---- Information shown

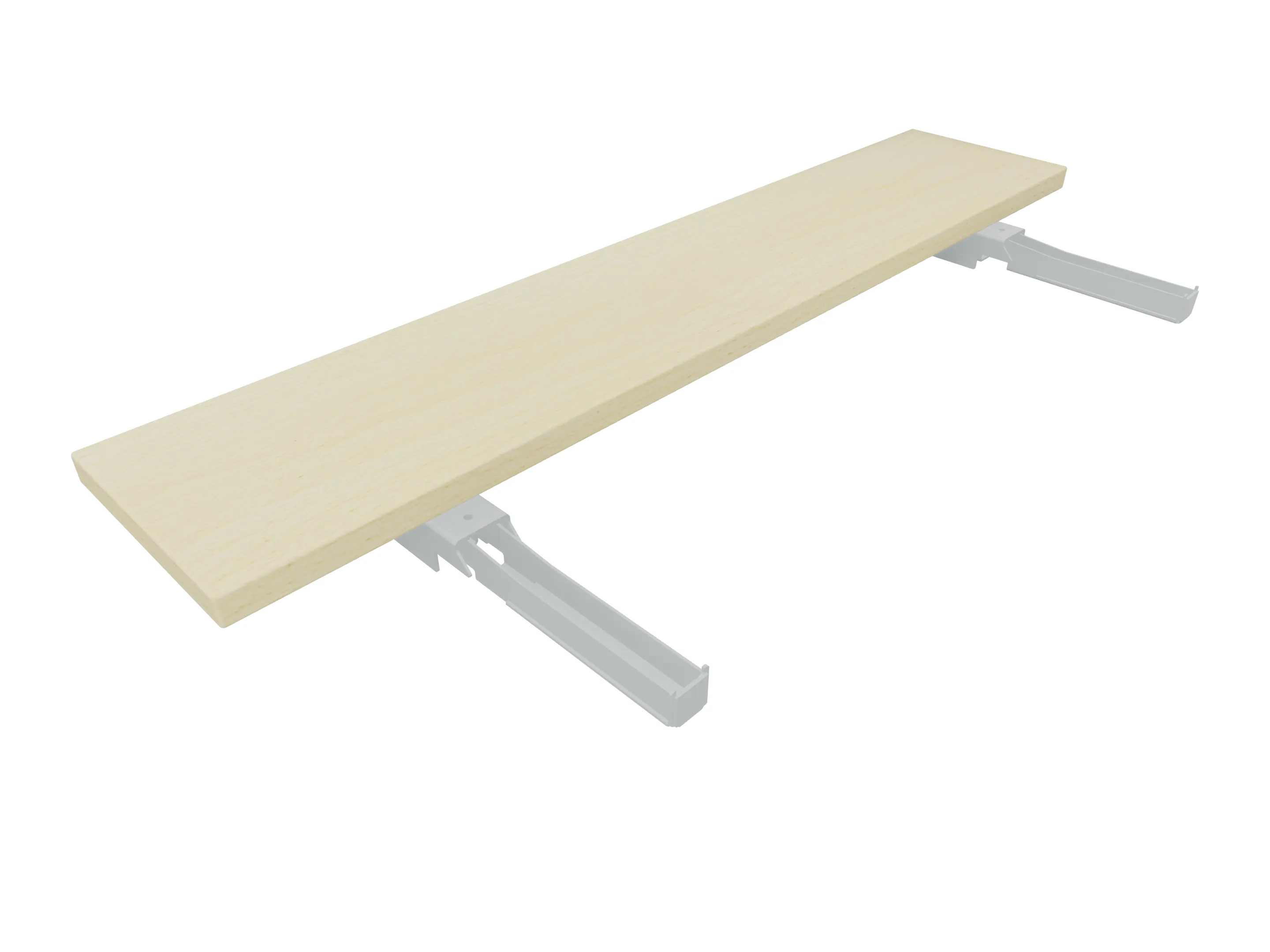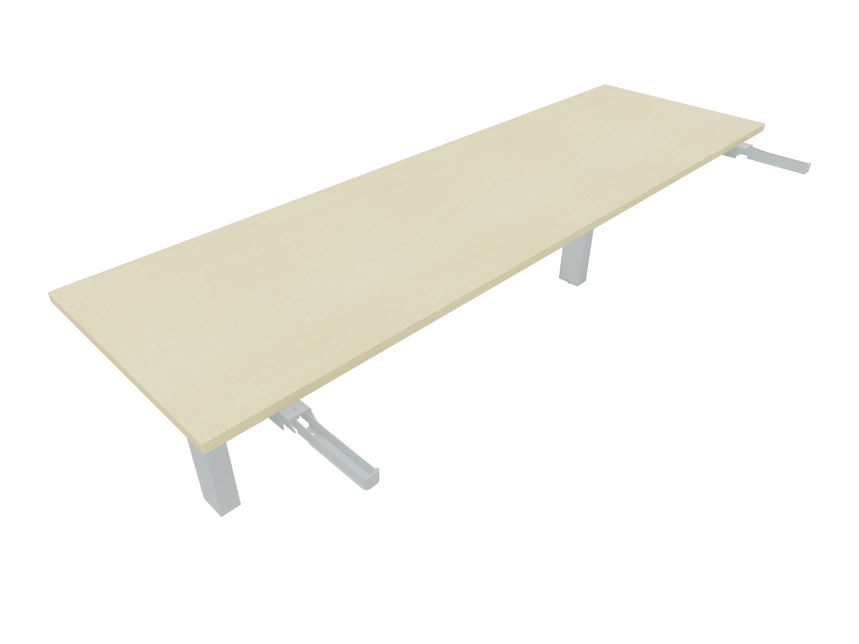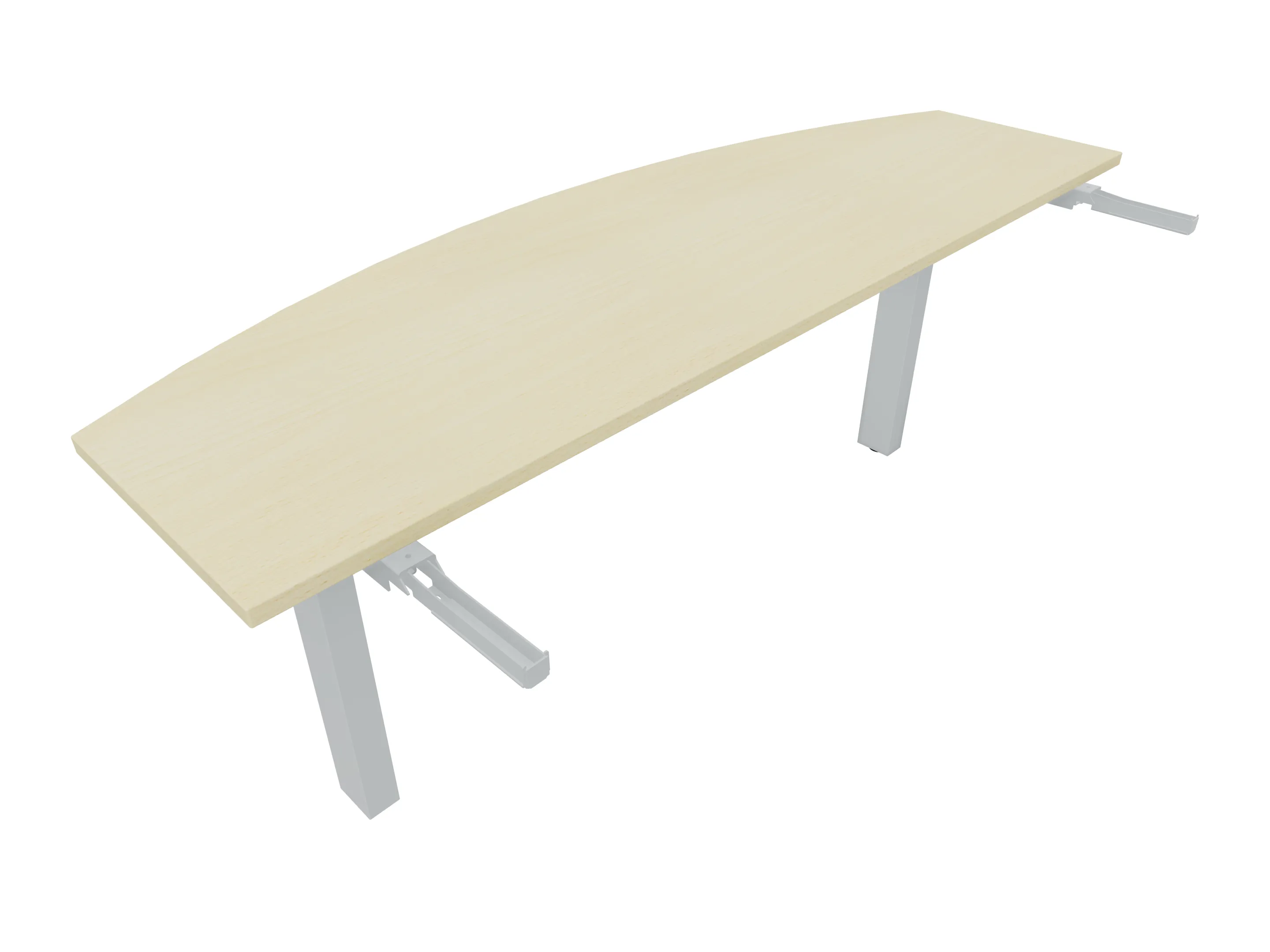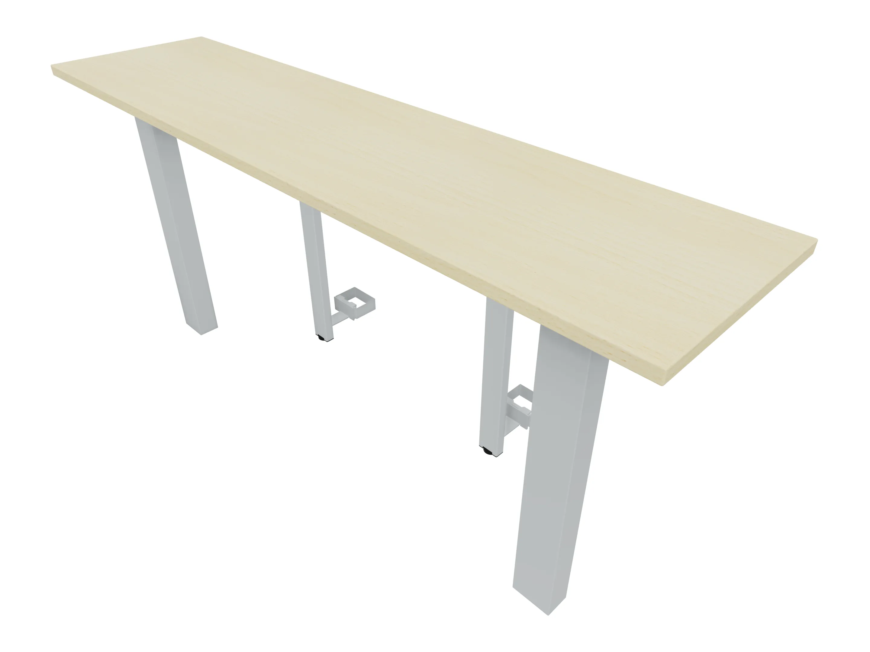 Aanbouwelement voor plaatsing aan zit-sta bureaus, van 2025mm breed en 400mm diep, voor koppeling aan poten. Inclusief twee koppel-steunpoten zonder hoogte verstelling.
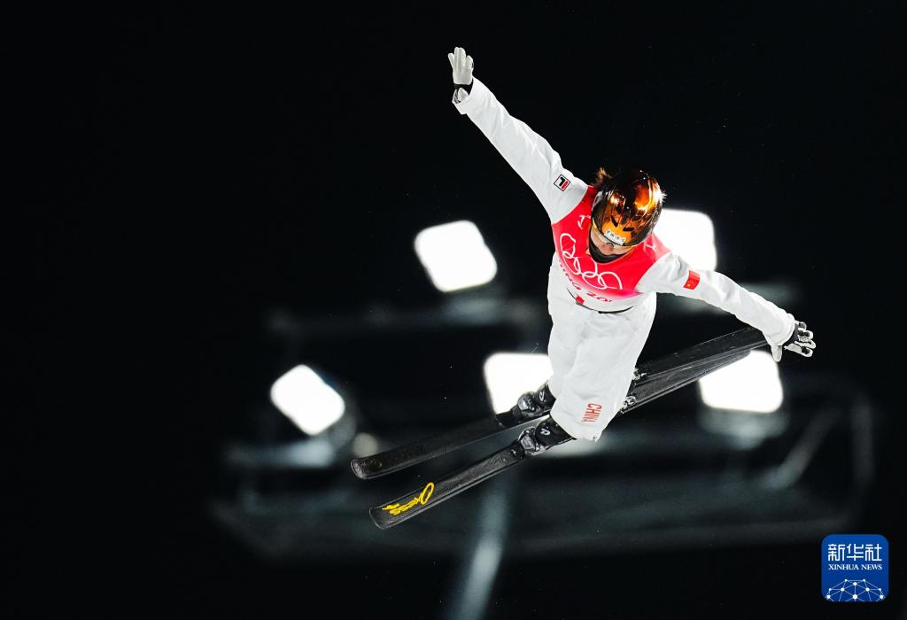 2022年2月14日,中国选手徐梦桃在北京2022年冬奥会自由式滑雪女子空中技巧决赛中夺得冠军。新华社记者许畅摄
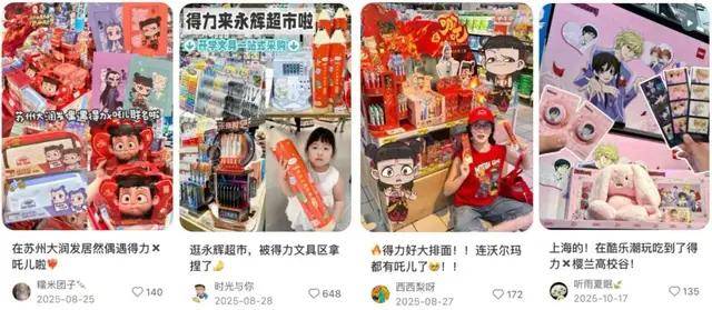 这种场景化布局,让Deli World,成为了“爱逛、爱淘”的年轻群体的兴趣聚集地——即便并非为了购买文具,年轻人也愿意步入店内,打卡拍照、感受氛围、发现惊喜。消费者扫货、拍照、打卡发平台,收获了情绪价值,得力则在火热的社交分享中成功“破圈”。
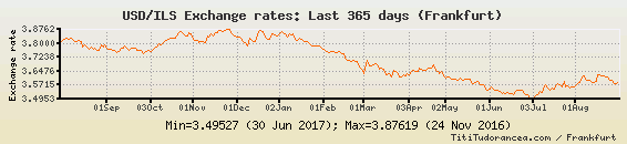 (Dollaro statunitense / Nuovo siclo israeliano)
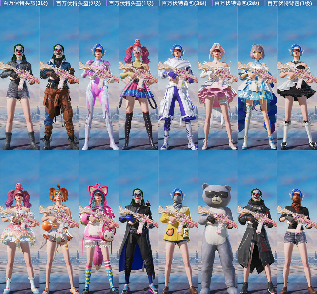 三级包:百万伏特1-3,小丑1-3,梦幻火箭1-3,缤纷油彩1-3,
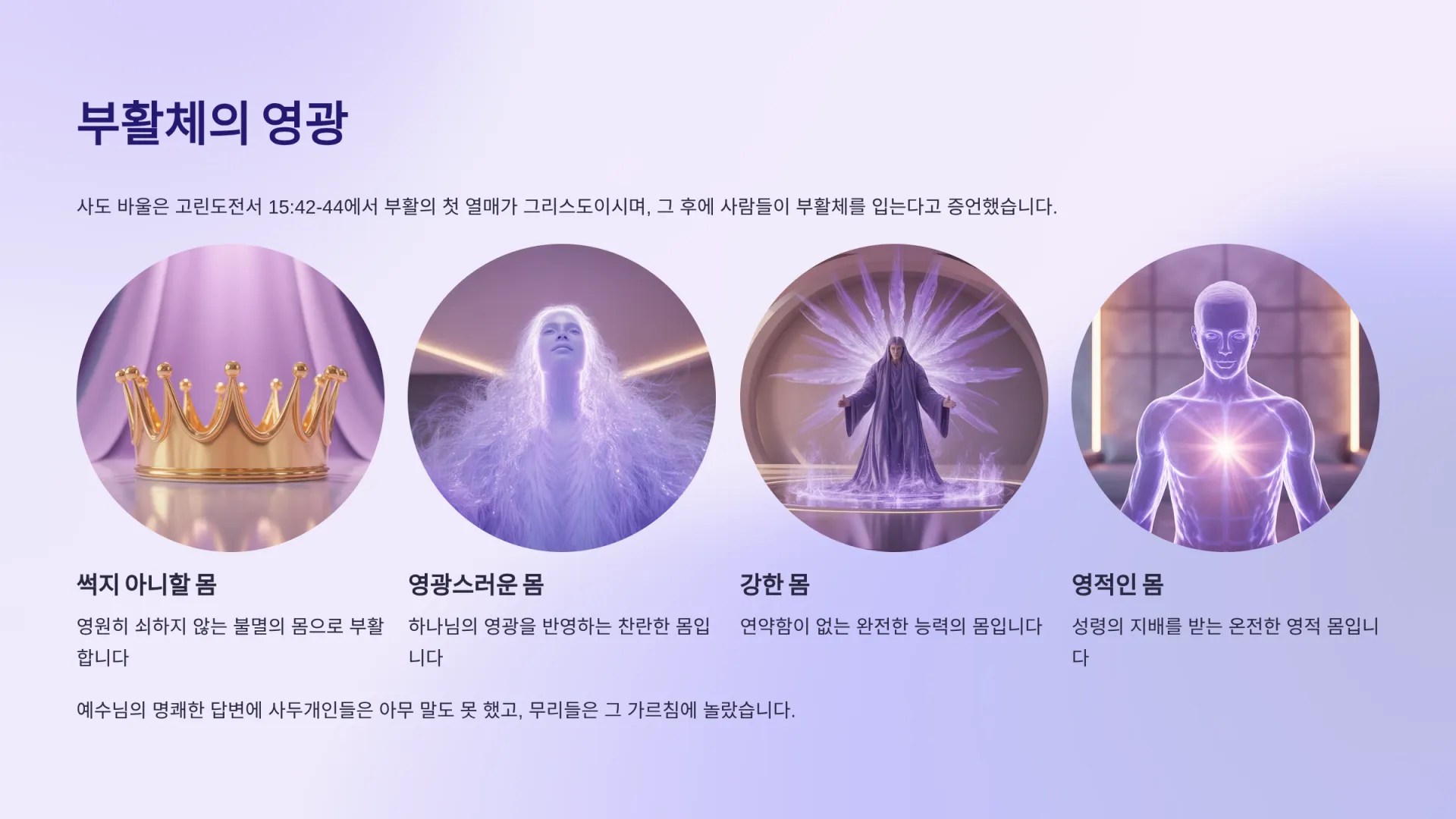 사실 부활의 문제에 대해 신약의 사도였던 바울은 놀라운 증언을 해 준다. 부활의 첫 열매가 그리스도이시며 그 후에 사람들이 부활체를 입는다고 말이다. 그리고 그때 입게 될 부활체는 썩지 아니할 몸이요, 영광스러운 몸이자, 강한 몸이며 영적인 몸으로 부활할 것이라고 했기 때문이다(고전 15:42~44).
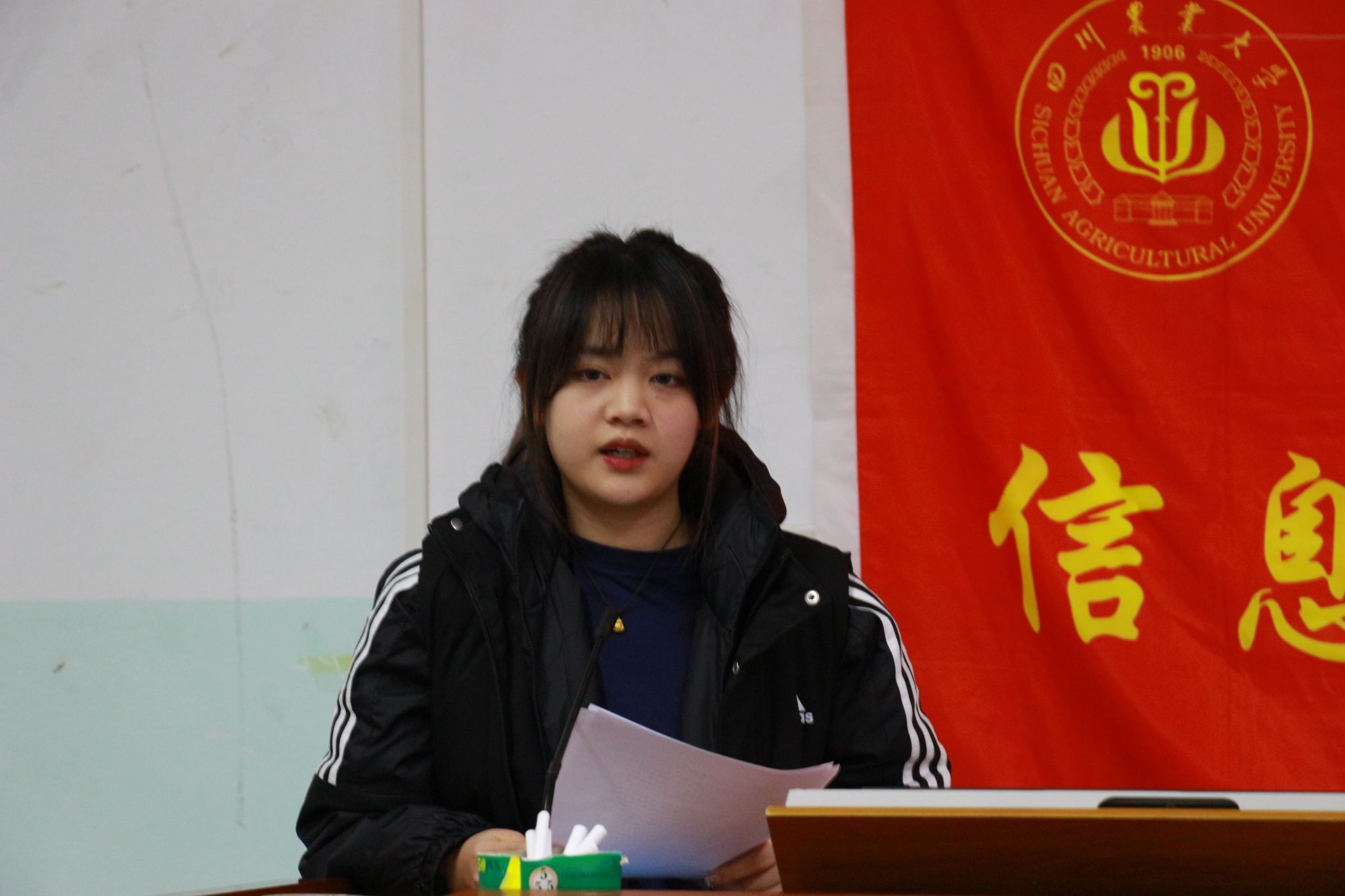 主席团执行主席贺航飞同学宣读了《信息工程学院建设优良学风“六要”倡议书》,倡议同学们要克服懒惰心理,既要克服“躺平”思想,又要防止过度“内卷”,勤奋守纪、笃学好问,努力成长为德、智、体、美、劳全面发展的新工科人才。

--------

Task brief –
Please copy the records above word for word, omitting every picture.

Response for this exercise –
 Aanbouwelement voor plaatsing aan zit-sta bureaus, van 2025mm breed en 400mm diep, voor koppeling aan poten. Inclusief twee koppel-steunpoten zonder hoogte verstelling.
 2022年2月14日,中国选手徐梦桃在北京2022年冬奥会自由式滑雪女子空中技巧决赛中夺得冠军。新华社记者许畅摄
 这种场景化布局,让Deli World,成为了“爱逛、爱淘”的年轻群体的兴趣聚集地——即便并非为了购买文具,年轻人也愿意步入店内,打卡拍照、感受氛围、发现惊喜。消费者扫货、拍照、打卡发平台,收获了情绪价值,得力则在火热的社交分享中成功“破圈”。
 (Dollaro statunitense / Nuovo siclo israeliano)
 三级包:百万伏特1-3,小丑1-3,梦幻火箭1-3,缤纷油彩1-3,
 사실 부활의 문제에 대해 신약의 사도였던 바울은 놀라운 증언을 해 준다. 부활의 첫 열매가 그리스도이시며 그 후에 사람들이 부활체를 입는다고 말이다. 그리고 그때 입게 될 부활체는 썩지 아니할 몸이요, 영광스러운 몸이자, 강한 몸이며 영적인 몸으로 부활할 것이라고 했기 때문이다(고전 15:42~44).
 主席团执行主席贺航飞同学宣读了《信息工程学院建设优良学风“六要”倡议书》,倡议同学们要克服懒惰心理,既要克服“躺平”思想,又要防止过度“内卷”,勤奋守纪、笃学好问,努力成长为德、智、体、美、劳全面发展的新工科人才。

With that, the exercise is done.